The anti-hero is probably a harder hero type to write. It's not that there have been a dearth of anti-heroes throughout history, they just tend to make pathetic and uninteresting stories if not written by an expert who has dedicated themselves to the craft.
Anti-heroes exist as cogs in the machine or worse, and they are the most ready embodiment of a normal person you will find in storytelling: flawed and desperate.

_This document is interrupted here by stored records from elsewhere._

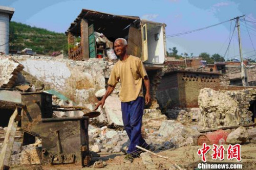 據(jù)貴泉村村民們反映,現(xiàn)在該村供汽車行駛的道路從前都是河道,由于早已干涸,村民就在河道里種上了莊稼,蓋上了房子。中新網(wǎng)記者看到,河道兩側(cè)是一些被水沖倒的莊稼,被洪水沖過的河道中填滿了碎石和泥沙,并依稀可見一些房屋的殘垣斷壁。
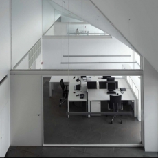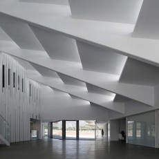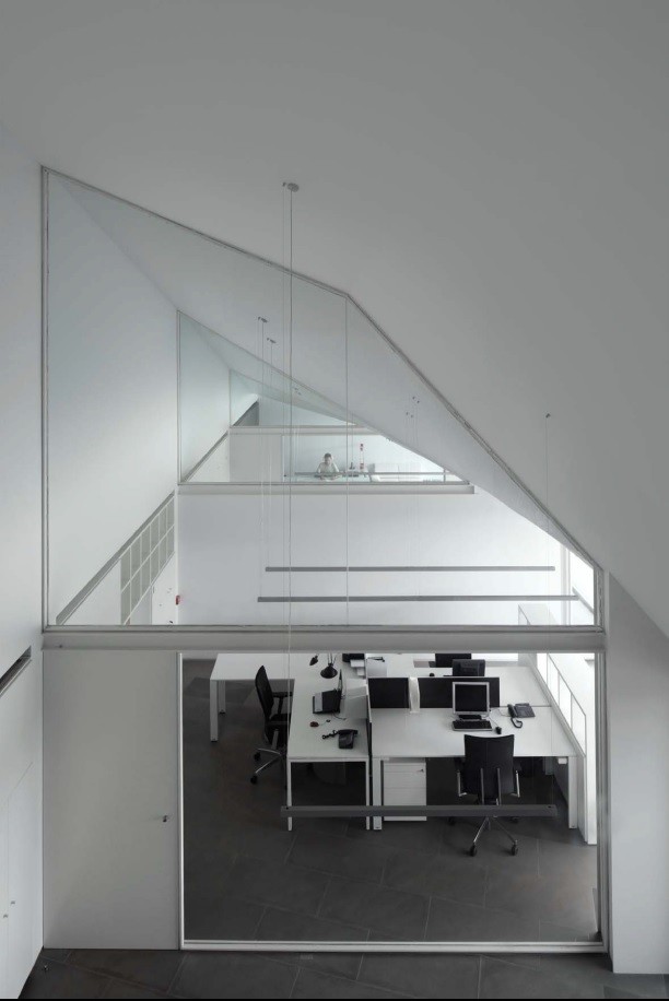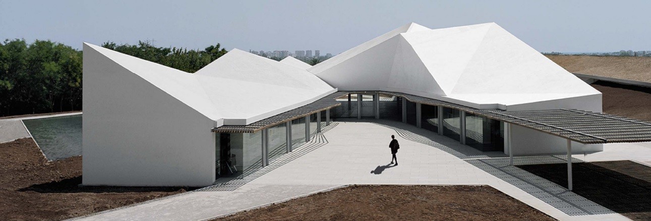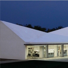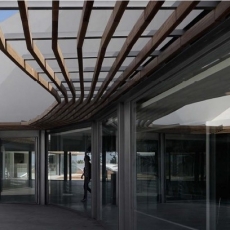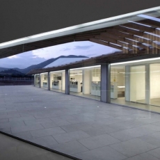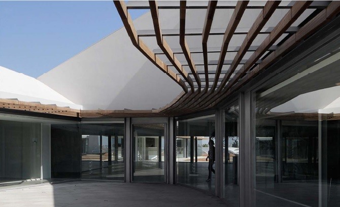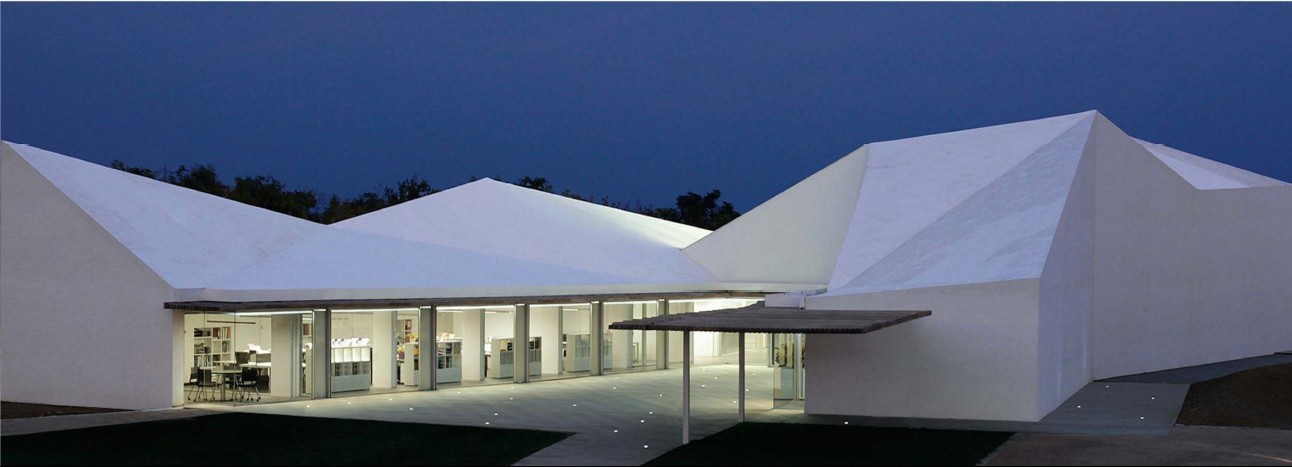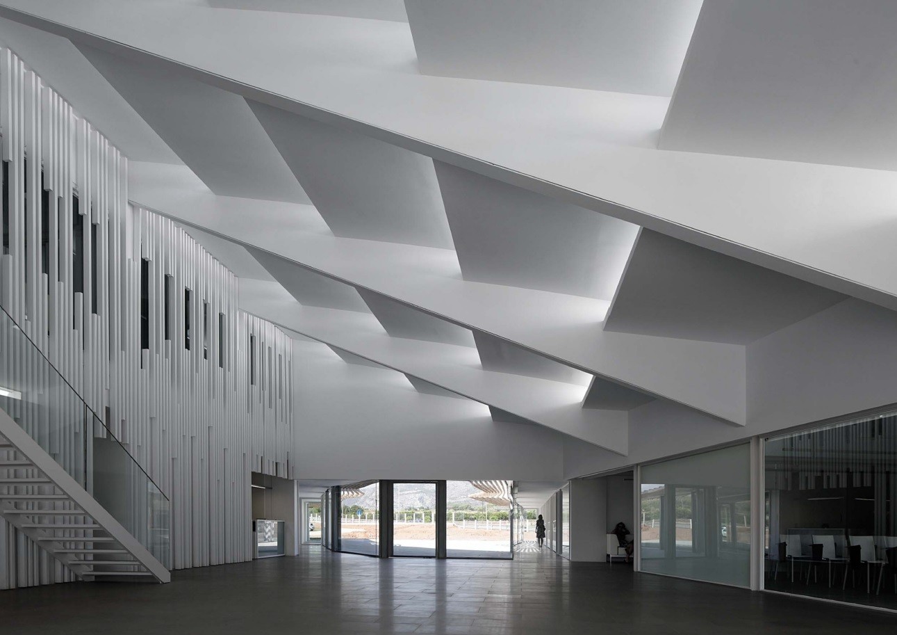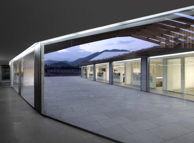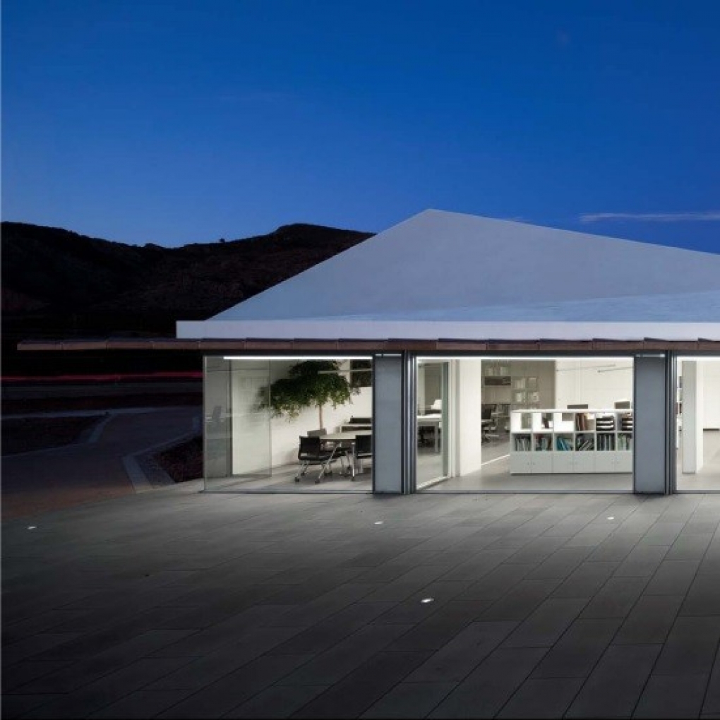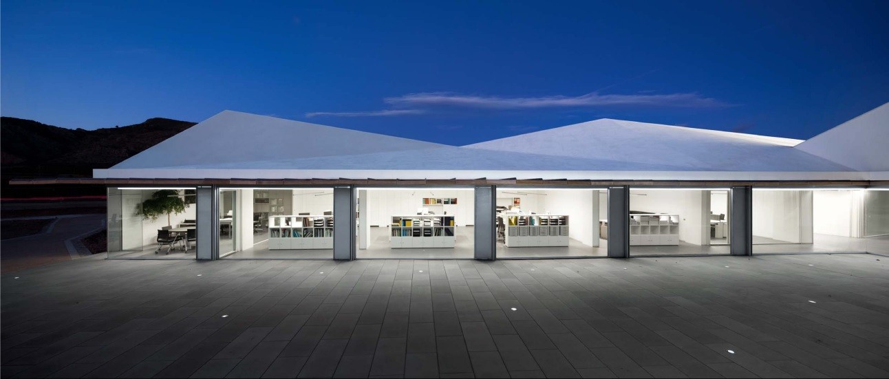 El edificio sede administrativo se estructura en dos alas unidas por un cuerpo central en torno a dos patios abiertos cerrándose al paisaje lejano y estableciendo su propio clima y relación interior/exterior.
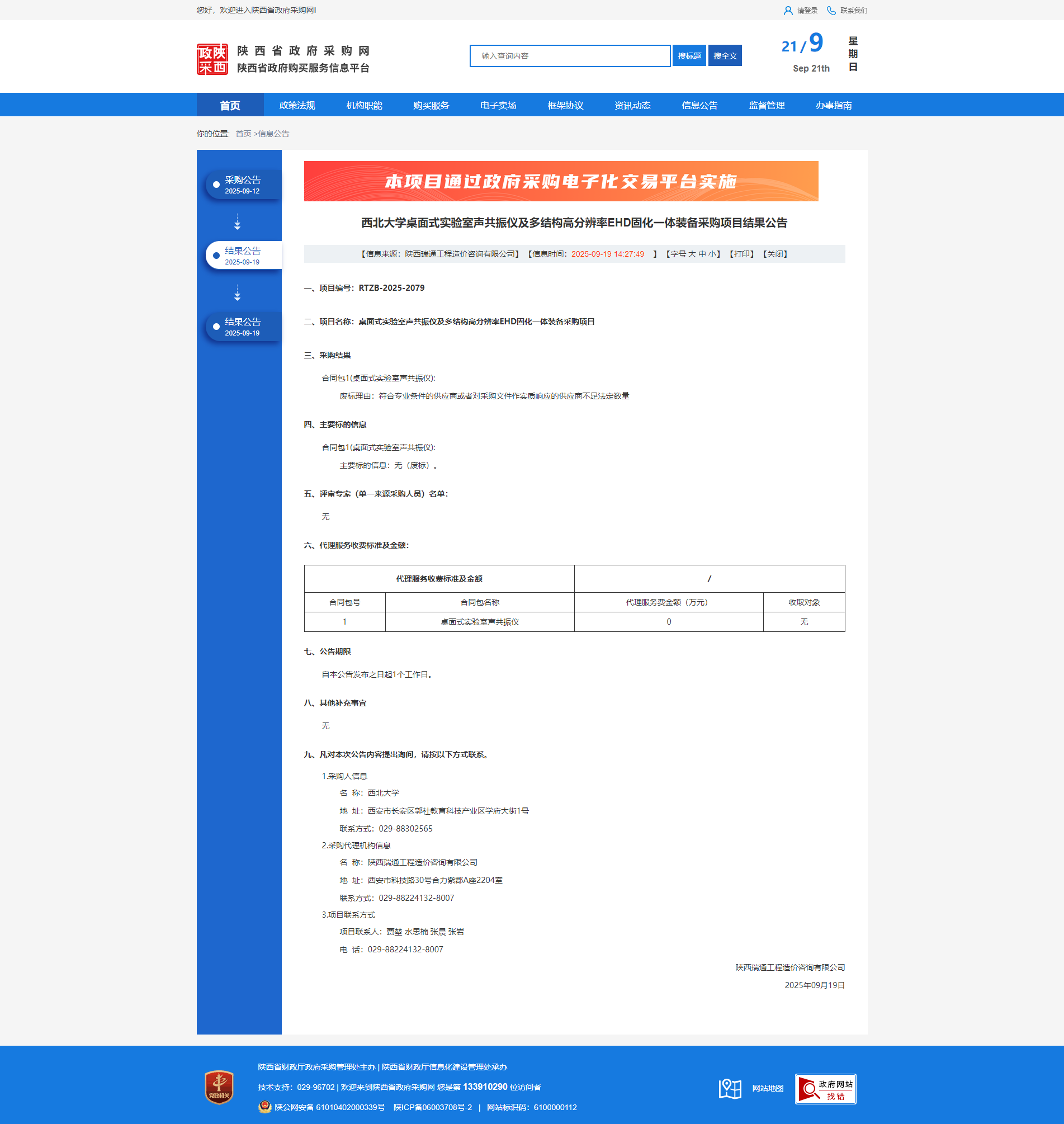 国产精品九九久久一区hh桌面式实验室声共振仪及多结构高分辨率EHD固化一体装备采购项目中标(成交)结果公告

The great thing about anti-heroes as a game concept, however, is that they don't outshadow each other. Where normal heroes need to be carefully defined roles and given competence and aptitude that doesn't trample on each other, if everyone is incompetent in at least one significant way, as anti-heroes are prone to be, they are forced to work as a group. Paranoia does an excellent job of this as a game, both by fostering an actively hostile inter-player relationship to simulate the moral flaws of the anti-hero, but also ensuring through mechanical and narrative means that most characters will fail even if their players make virtuous and cooperative decisions.

Two-Minute Breakdown

The standard hero follows the Hero's Journey as we previously discussed, but the tragic hero follows a reversed curve where they end broken after starting mighty. Epic heroes tell great cosmic archetypal stories by being larger than life, while anti-heroes tell very plain everyday stories by being no better than an average person, and in fact worse in some ways.